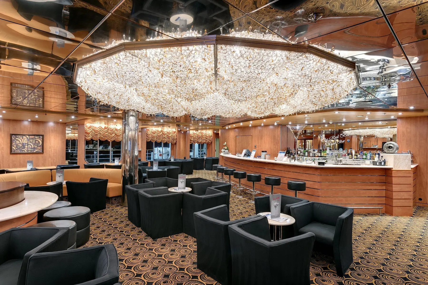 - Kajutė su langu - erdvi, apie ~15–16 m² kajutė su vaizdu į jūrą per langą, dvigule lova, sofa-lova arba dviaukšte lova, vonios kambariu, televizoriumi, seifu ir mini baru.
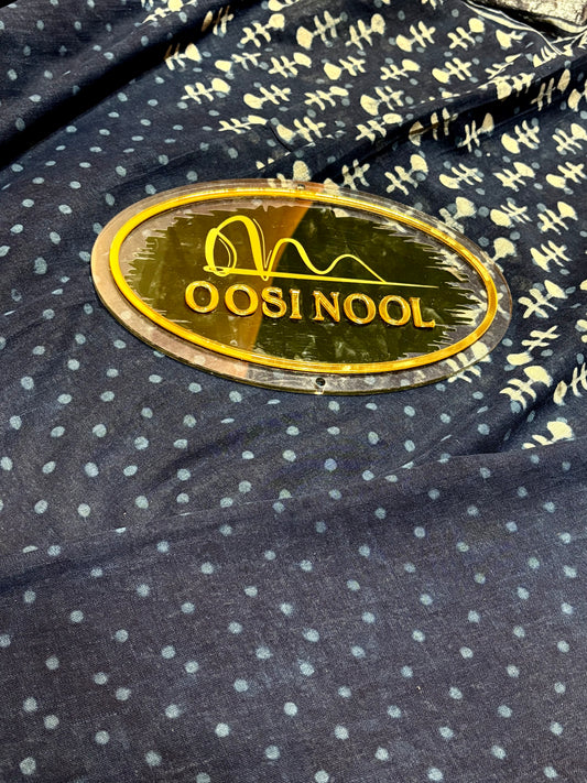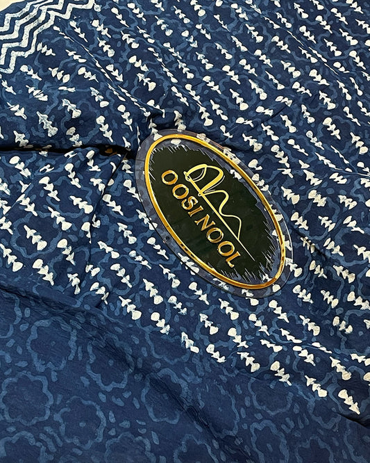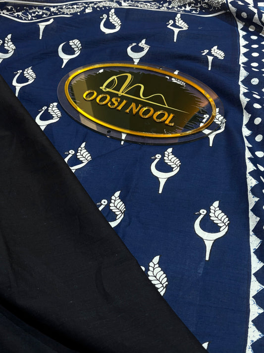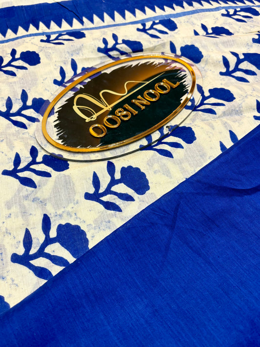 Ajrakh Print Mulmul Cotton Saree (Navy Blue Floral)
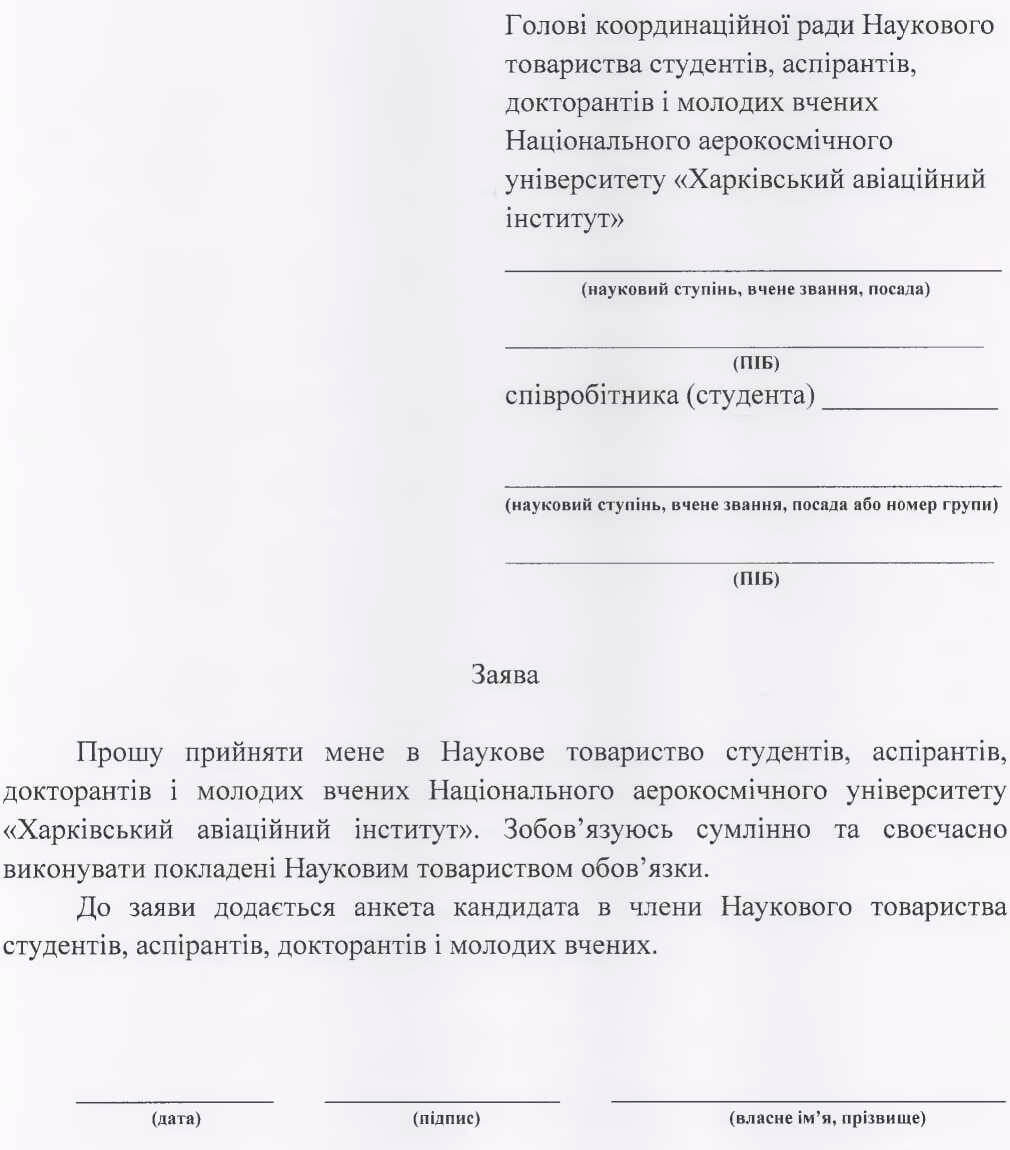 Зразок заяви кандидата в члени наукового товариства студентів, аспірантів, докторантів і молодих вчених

* [Assigned task] In your copy, omit the pictures and restate every line of the data word for word.

* [Reply]
 - Kajutė su langu - erdvi, apie ~15–16 m² kajutė su vaizdu į jūrą per langą, dvigule lova, sofa-lova arba dviaukšte lova, vonios kambariu, televizoriumi, seifu ir mini baru.
 Ajrakh Print Mulmul Cotton Saree (Navy Blue Floral)
 Зразок заяви кандидата в члени наукового товариства студентів, аспірантів, докторантів і молодих вчених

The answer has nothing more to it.